▶ Exercise aim
What should you transcribe? Every line from the top of the records below through the line with "- 특이점은, 환경장비", exactly, and no pictures.

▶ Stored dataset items
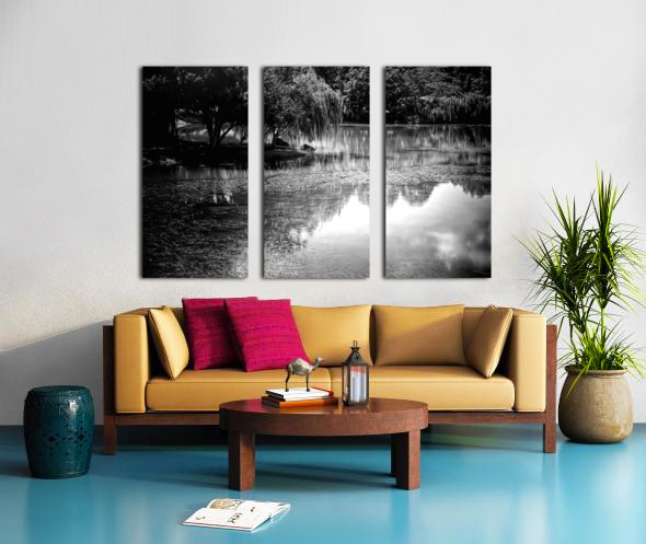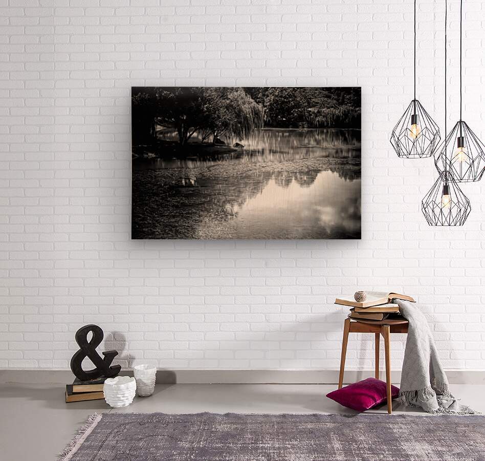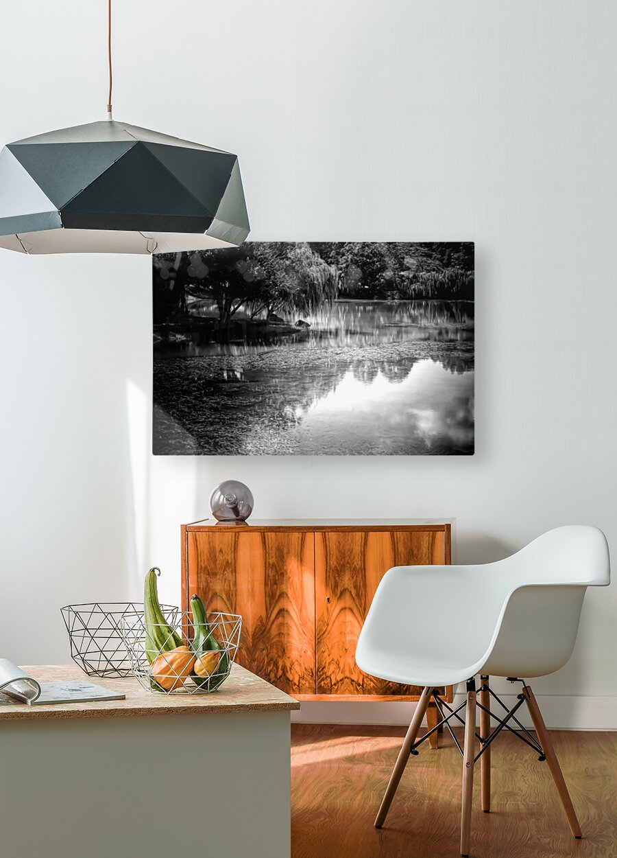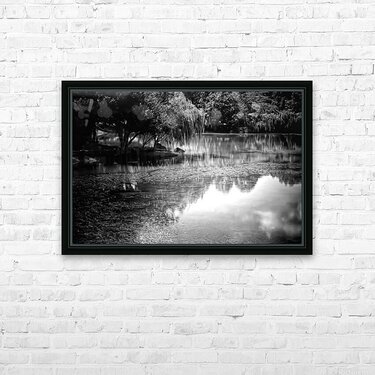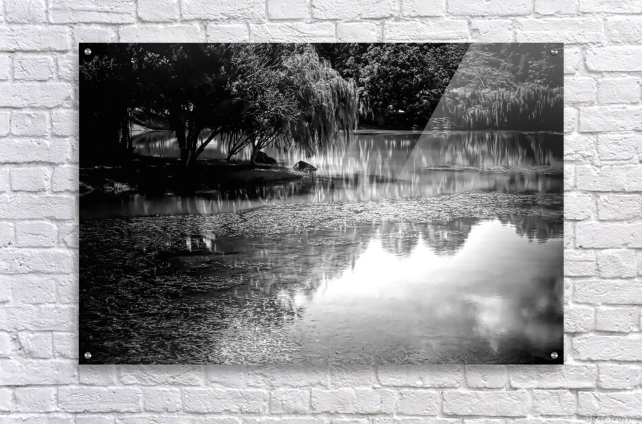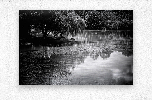 This peaceful scene of willow trees bending over the still waters creates perfect glassy reflections that are mirrored into the waters. Bring this idylic black and white landscape into your home or office today in your choice of media. This Pabodie artist print can be printed onto canvas metal acrylic wood framed and matted and museum quality papers. Greeting cards with your personal message are also available.
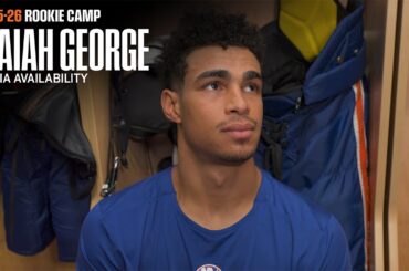 Le prospect des insulaires de New York Isaiah George parle avec les médias après 3 du camp recrue des Islanders…
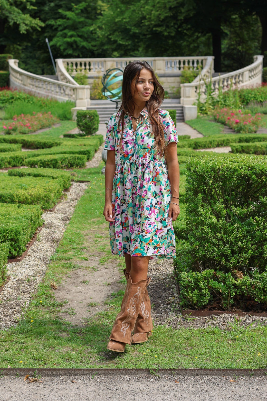 Deze prachtige jurk met een swirl art print shop je nu nieuw online, shop hem nu in green!
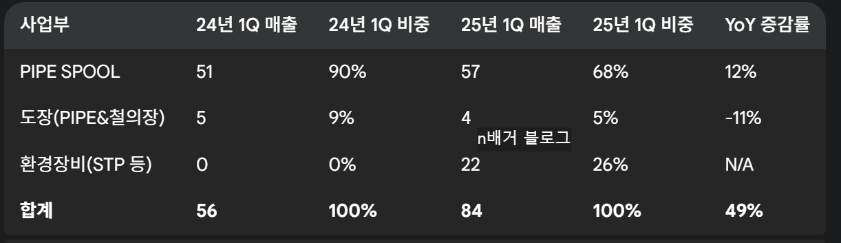 - 특이점은, 환경장비 (STP)가 24년 1Q에는 매출이 없었는데, 신규 사업부문으로 보인다. 사업 다각화는 긍정적
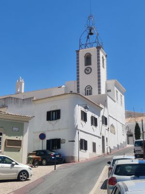 De klokkentoren verheft zich aan de Praça da República met een vierkante stenen structuur die aan elke zijde boogportalen heeft en een traditionele Portugese klok die zichtbaar is vanaf meerdere punten in de historische wijk van Albufeira.
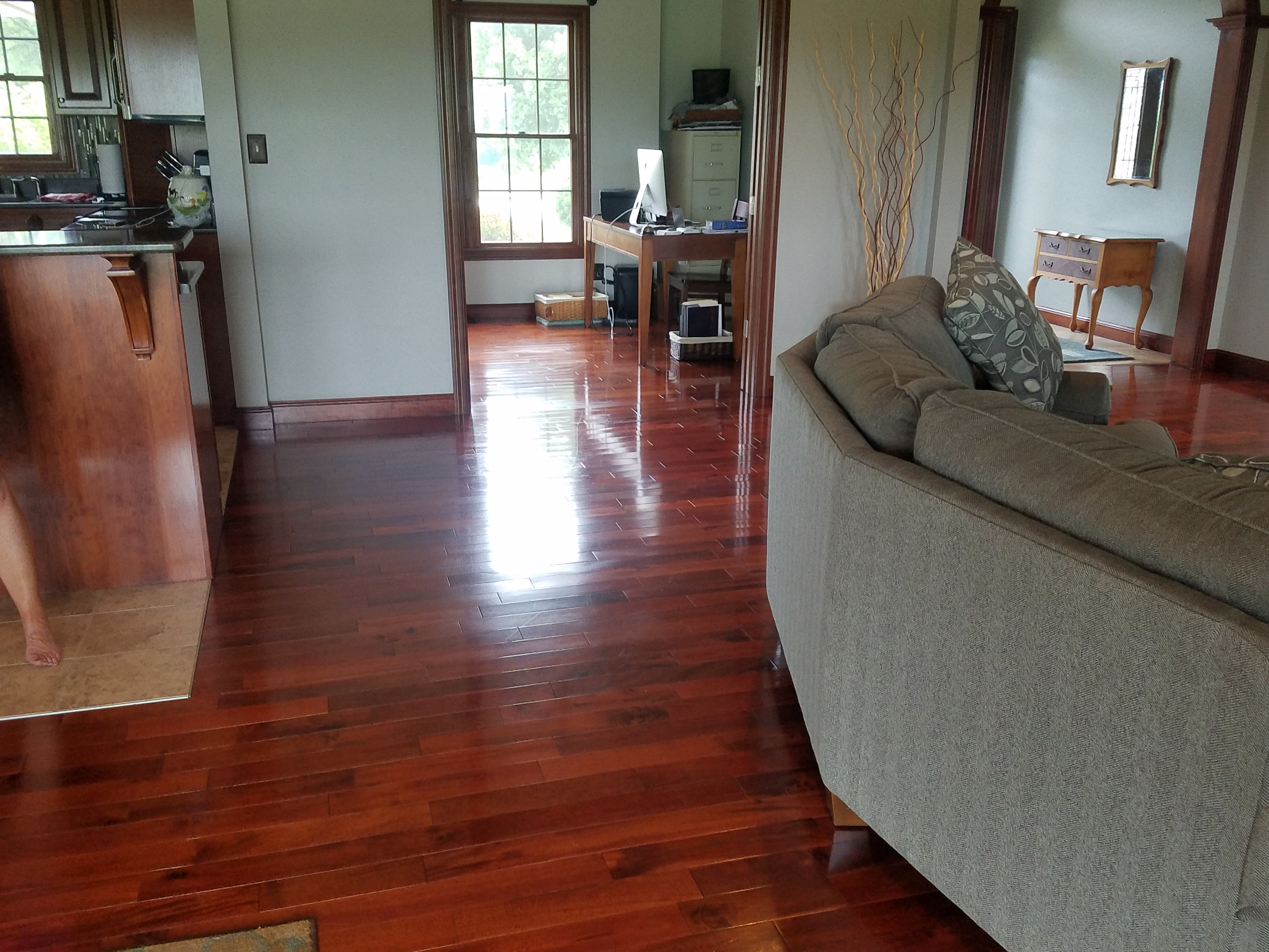 There is a company here that can strip and recoat that whole floor in a day and it's dustless.
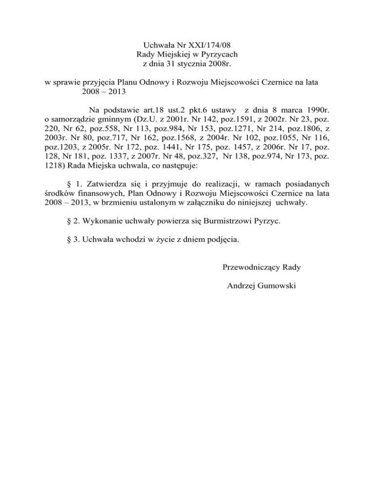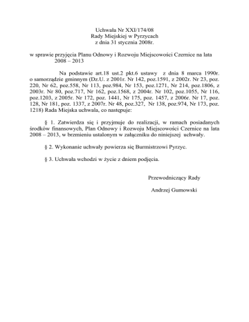 Uchwała Nr XXI/174/08 Rady Miejskiej w
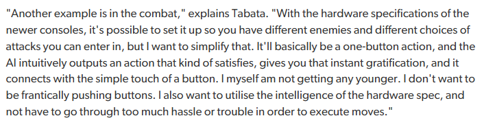 >>737717871We have no clue if the (kino) aesthetics and themes he was evoking on the trailers would've manifested on a good storytelling or setting.But there's a reason to believe that at least it would've been fun to play. And it's as simple as: the game was being developed by the Tokyo Team (or former "Square Product Development Division 1"). The team was behind every mainline Final Fantasy game from 7 onwards, and on the action rpg department they were the team behind The World Ends with You 1, Kingdom Hearts 1 and 2 (the latter especially having a tight fun replayable combat system that still holds up to this day). The last footage they publicly showed already showed promise. For the record, Divison 1 was completely butched in 2013 because of internal reestructuring and its members were split across various units so the team would never work together on a single project ever again.Meanwhile, the second Tabata the hack took control of the project he took a shit on the gameplay part and made it a game where "you hold a button and something awesome happens!" (interview from 2014)Thanks, Tabata, you truly saved gaming.
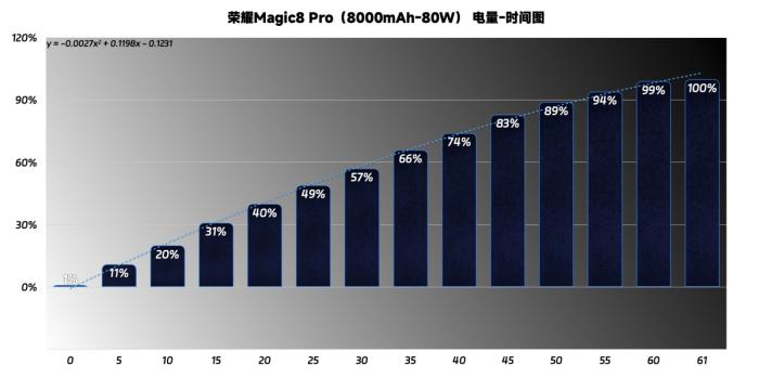 在充电方面,荣耀500 pro最高支持80w有线快充与50w无线快充。根据天极网实测,30分钟可充入57%,完整充满约需61分钟,具体充电速度表现如下:
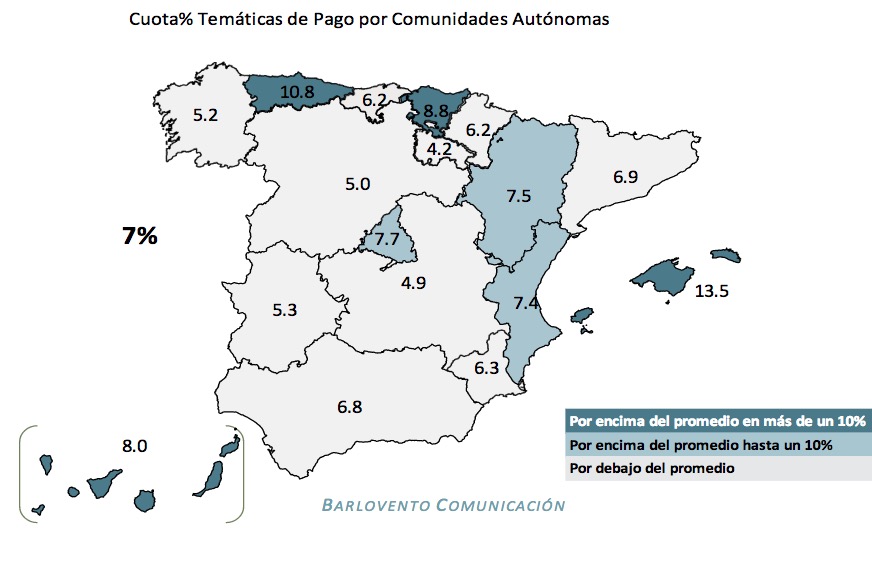 Los resultados de las Temáticas de Pago destacan en las Comunidades Autónomas de Baleares (13,5% cuota TTV), donde es la opción líder, en Asturias (10,8%), en País Vasco (8,8%) y en Canarias (8%).
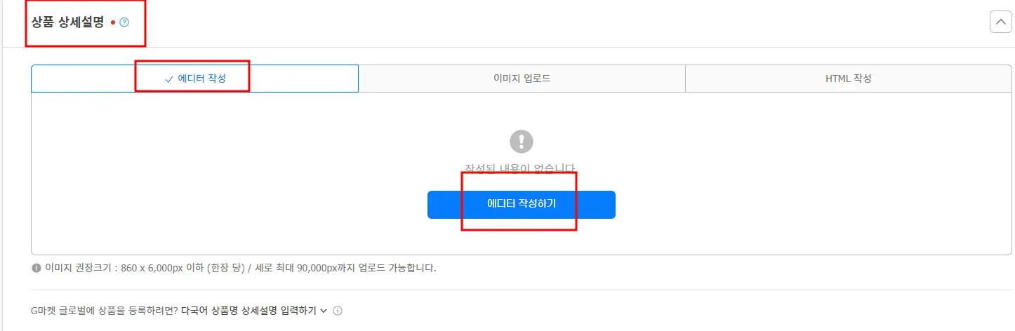 11.그 후 바로 아래에 상품상세설명 에서 에디터작성하기를 눌러주시고
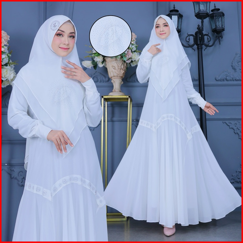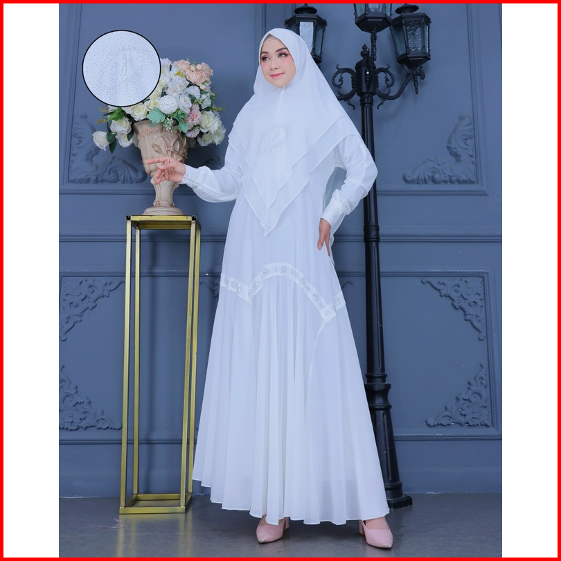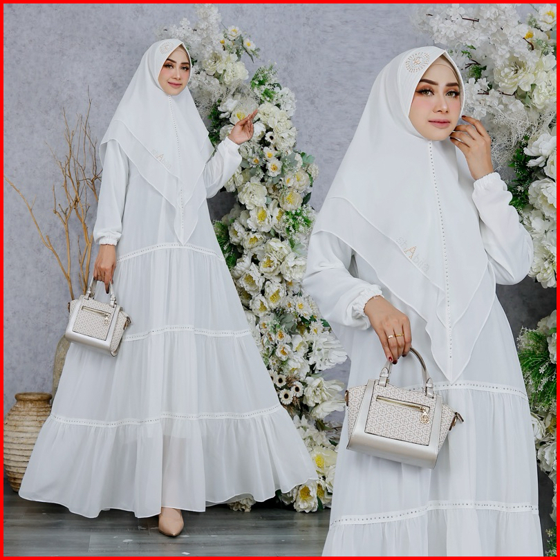 Jasmin Set Syari Putih Syari Untuk Umroh Gamis Simple Elegant

▶ Answer to this exercise
 This peaceful scene of willow trees bending over the still waters creates perfect glassy reflections that are mirrored into the waters. Bring this idylic black and white landscape into your home or office today in your choice of media. This Pabodie artist print can be printed onto canvas metal acrylic wood framed and matted and museum quality papers. Greeting cards with your personal message are also available.
 Le prospect des insulaires de New York Isaiah George parle avec les médias après 3 du camp recrue des Islanders…
 Deze prachtige jurk met een swirl art print shop je nu nieuw online, shop hem nu in green!
 - 특이점은, 환경장비 (STP)가 24년 1Q에는 매출이 없었는데, 신규 사업부문으로 보인다. 사업 다각화는 긍정적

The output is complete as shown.